A large scale enzyme screen in the search for new methods of silicon-oxygen bond formation.


PMID 21194627

Abstract

Biotransformations make use of biological systems to catalyze or promote specific chemical reactions. Transformations that utilize enzymes as "greener" and milder catalysts compared to traditional reaction conditions are of particular interest. Recently, organosilicon compounds have begun to be explored as non-natural enzymatic substrates for biotransformations. The aims of this study were to screen readily available (approximately eighty) enzymes for their ability to catalyze in vitro siloxane bond formation under mild reaction conditions using a model monoalkoxysilane as the substrate and to make a preliminary evaluation of potential factors that might lead to activity or inactivity of a particular enzyme. Several new hydrolase enzymes were observed to catalyze the formation of the condensation product when compared to peptide controls, or buffer solutions at the same pH, as judged from quantitative analyses by gas chromatography.

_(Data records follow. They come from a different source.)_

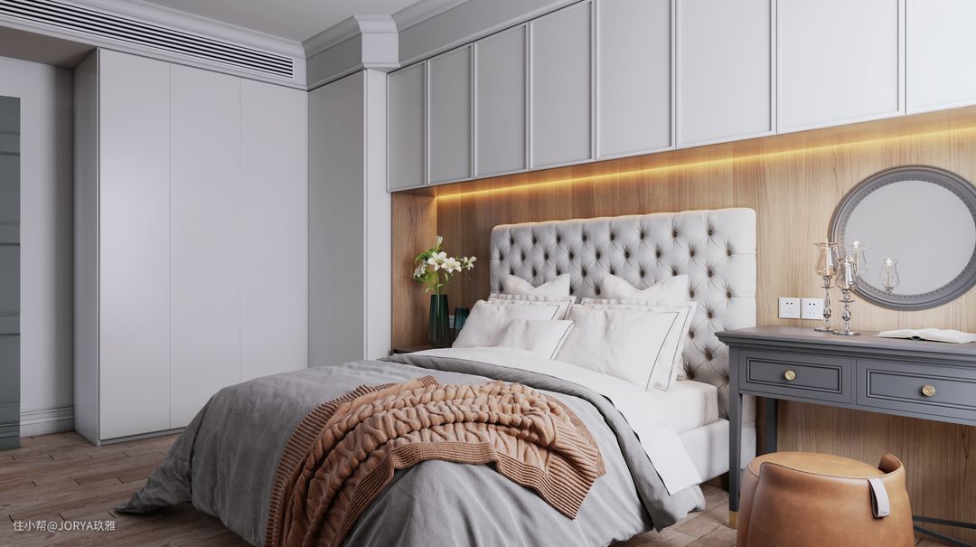 主卧为了增加储物空间,衣柜从进门开始一直延伸到窗边。床头上为吊柜,为了不造成压迫感,吊柜厚度缩小为45公分(落地衣柜为60公分)。
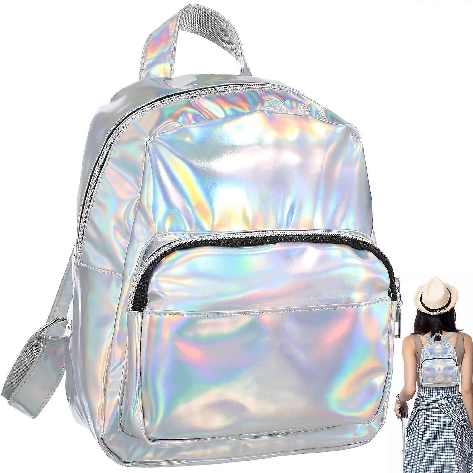 Chic Holographic Backpack Hologram School Shoulder Bag Satchel for Girls (Grey)
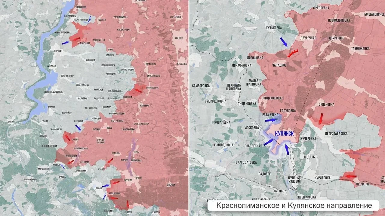 На Купянском направлении, на юго-востоке от накануне взятого под контроль села Подолы, российские войска зашли в Куриловку, взяли северную часть села и продвигаются к его западной окраине вдоль р. Лозовая. В треугольнике Новоосиново -Ковшаровка- Купянск-Узловой российские бойцы, контролируя воздушные и наземные маршруты ВСУ, уничтожают антенны и ретрансляторы, а также полевые склады вражеских расчётов БПЛА. В самом Купянске идут ожесточённые бои. Противник сумел заскочить в Кондрашовку и потеснить наших с позиций на юге. Выше по фронту ВС РФ заняли новые позиции у Двуречанского.
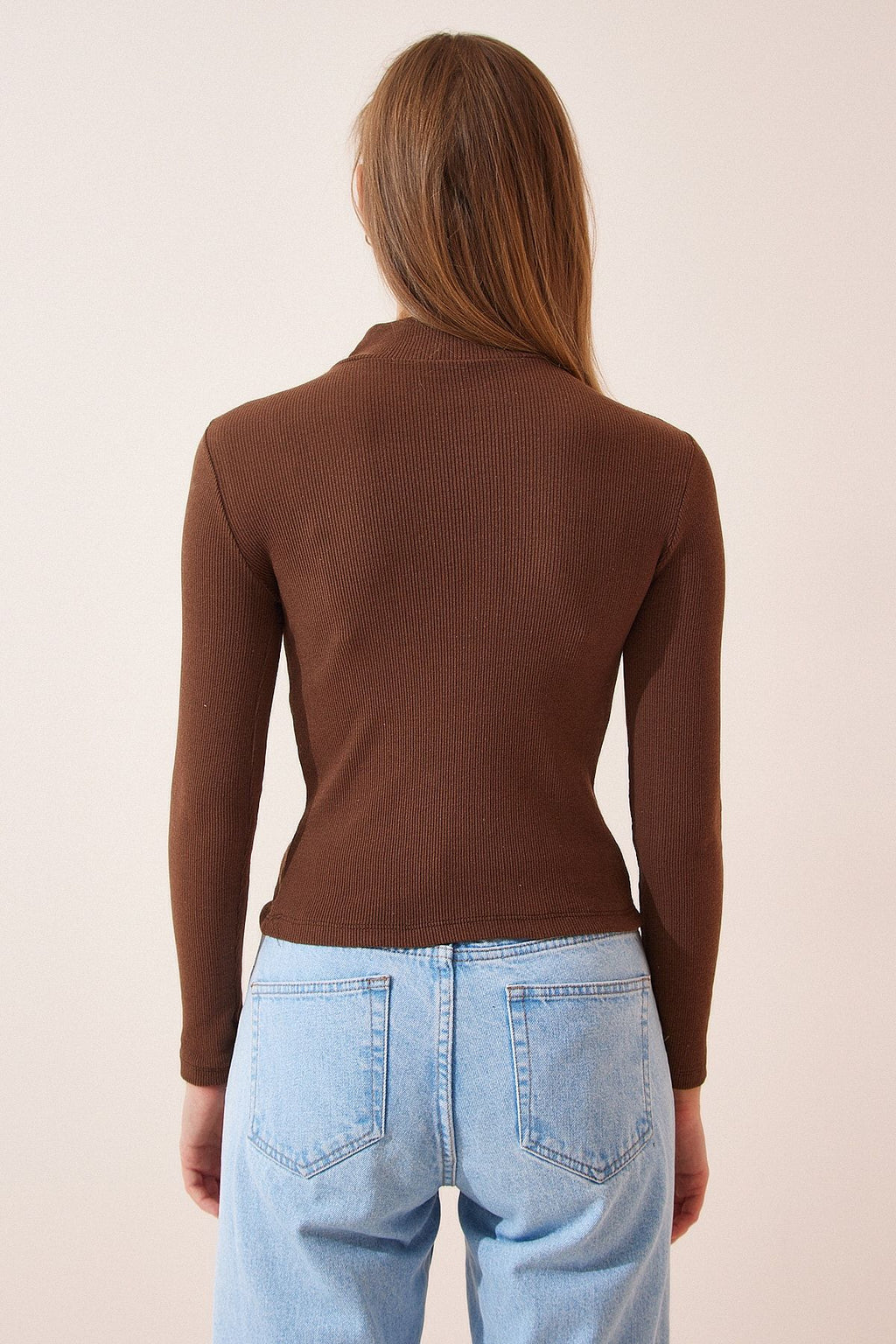 Kadın Kahverengi Beyaz 2'li Paket Fitilli Balıkçı Yaka Örme Bluz GT00053

Aspergillus ficuum phytase, Aspergillus niger phytase, chicken egg white lysozyme, porcine gastric mucosa pepsin, and Rhizopus oryzae lipase all catalyzed the condensation of silanols in aqueous media. Factors involved in determining the activity of an enzyme towards silanol condensation appear to include: the presence of imidazole and hydroxyl functions in the active site; solvent; the presence of water; the surface properties of the enzyme; possible covalent inhibition; and steric factors in the substrate.